Chauffage bois et dérivés

Combustible ancestral de l’humanité, il est remis à l’honneur depuis une dizaine d’année dans nos foyers. Les appareils de chauffage bois ont bénéficié ces dernières années de fortes impulsions novatrices et techniques qui permettent d’offrir aujourd’hui des rendements optimum. Bien maitrisée, c’est donc là une solution performante, renouvelable, très économique et très vite rentabilisée.

Cependant, pour être écologique et peu polluant, votre bois doit être sec et propre, et votre installation performante et entretenue. En France, le bois de chauffage est un sous produits de l’exploitation de nos forêts. L’excellente gestion sylvicole française a permis le quasi doublement des surfaces boisées depuis le 19ème siècle. Un bois trop jeune, trop humide et inadapté augmente considérablement votre consommation, produit d’avantage de Co² et encrasse vos appareils.
N’oubliez pas que le bois bénéficie d’une norme Afnor NF qui garantie l’origine par son étiquetage les qualités, quantités et caractéristiques de des essences que vous achetez. C’est bien évidement vers cette filière qu’il est judicieux de se tourner.


Les essences sont classées en deux catégories:

- Les feuillus dits durs : chêne, hêtre, frêne, érable, bouleau, orme, châtaignier, charme, noisetier, noyer ou merisier des essences très denses qui sont parfaitement adaptés au chauffage domestique.

- Les résineux et feuillus dits tendres : épicéa, sapin, pin, mélèze, saule, peuplier qui sont moins denses et brûlent deux à trois plus vite que les feuillus durs. Les résineux produisent beaucoup d’énergie dans un laps de temps réduit… Ces essences se dégradent plus vite lors du stockage.
Ne brulez jamais de bois traité ou transformé, les émissions toxiques sont polluantes et néfastes.
Il existe aujourd’hui des installations qui offrent des taux de rendements supérieurs à 80 % !! Alors que nos cheminées traditionnelles à foyer ouverts offrent honteusement 10 % et nos vieux poêles timidement 50 %.


Les différents conditionnements du bois :

LES BUCHES
C’est le combustible le plus courant, hormis le séchage naturel, il ne subit aucune transformation.

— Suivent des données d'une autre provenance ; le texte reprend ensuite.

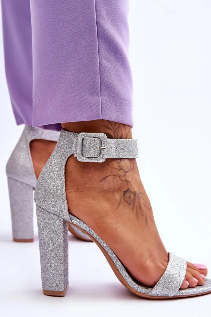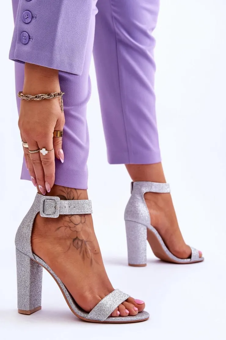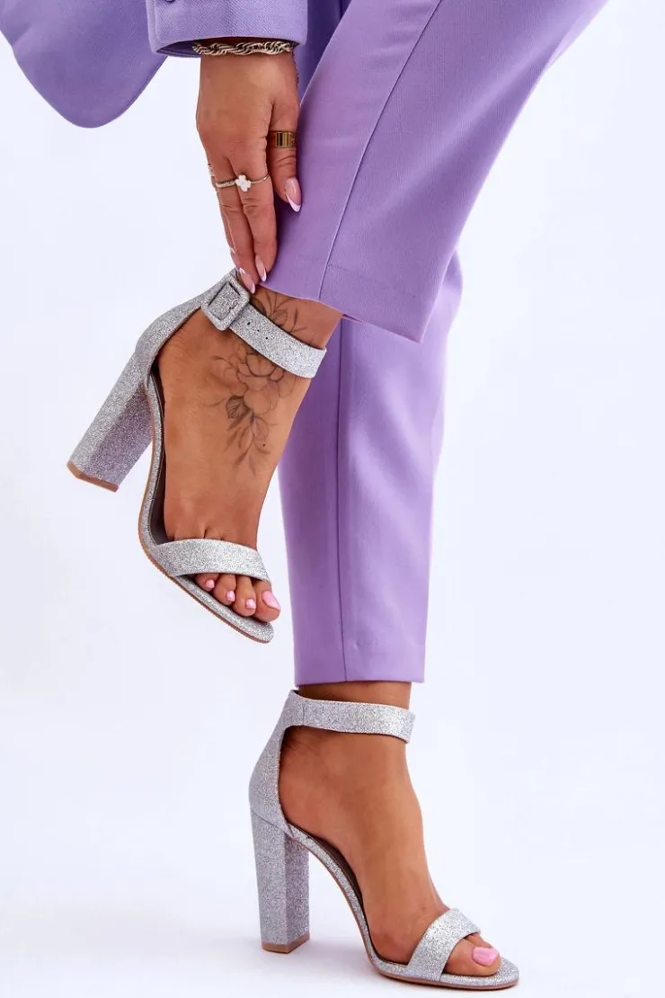 Jeśli znudziły Ci się klasyczne zamszowe sandały na słupku, koniecznie zobacz co dla Ciebie mamy! Przepięknie mieniące się sandały na wysokim słupku. W całości pokryte pięknie mieniącym się brokatem. Zapinane wokół kostki. Przy wyborze rozmiaru prosimy kierować się tabelą rozmiarów

Il doit être séché durant près de 2 ans (1 an s’il est fendu), ce qui lui fait perdre une grande partie de l’eau qu’il contient et lui assure une meilleure combustion et un bien meilleur rendement. C’est une solution qui peut se révélée encombrante si on ne bénéficie pas de l’espace nécessaire.

LES PLAQUETTES FORESTIERES OU BOIS DECHIQUETE
Elles présentent un rendement énergétique supérieur à la bûche de bois. Elles permettent la valorisation des déchets de bois mais nécessitent un équipement spécifique et un stockage dédié. Une vis sans fin alimente la chaudière. C’est un combustible écologique et économique.

LES GRANULES
D’un grand intérêt environnemental et économique, il est plus simple à stoker que les bûches de bois ou les plaquettes.

On trouve les granulés de bois (sciure compressée) et les granulés de paille, d’un rendement plus faible que le bois, mais plus économiques à l’achat.


Les appareils de chauffage :

Classique, rétro, design, en acier ou en fonte, les poêles à buches diffusent une chaleur par convection. Ils ont des rendements qui vont de 50 à 80 %.

Les vieux poêles à bois sont extrêmement polluants et leurs performances se limitent bien souvent à 50 %. Les anciens poêles à bois rejettent 40 à 80 grammes de fumée par heure tandis que les nouveaux appareils, conformes aux normes EPA, ne produisent que 2 à 5 grammes l’heure ! Les versions modernes offrent des rendements de 70 à 80 %.

Le poêle à granulé offre lui un rendement de 80 à plus de 90 %.

Le poêle à accumulation emmagasine la chaleur du foyer et la restitue par inertie les heures suivantes. Le rendement est de 70 à 85 %, il pèse parfois très lourd (1 tonne) et ne peut être installé aussi aisément qu’on le souhaiterait.

Les chaudières à plaquettes et à granulés, autonomes de plusieurs jours à un an et ont aussi d’un excellent rendement qui est établi jusqu'à plus de 90 %.

Le prix des appareils de chauffage au bois est parfois très élevé, mais les économies réalisées sont immédiates. Si vous souhaitez produire de l’eau chaude sanitaire avec votre installation, il sera nécessaire de créer un local spécifique, car votre chaudière devra fonctionner en continu.

Les aides sont nombreuses, l’Anha peut vous subventionner, vous bénéficierez outre du taux de TVA à 5.5 % d’un crédit d’impôt très intéressant.

Le label « flamme verte » vous permettra de sélectionner les professionnels qui vous préposeront des solutions économiques, sûres, performantes et respectueuses de l’environnement.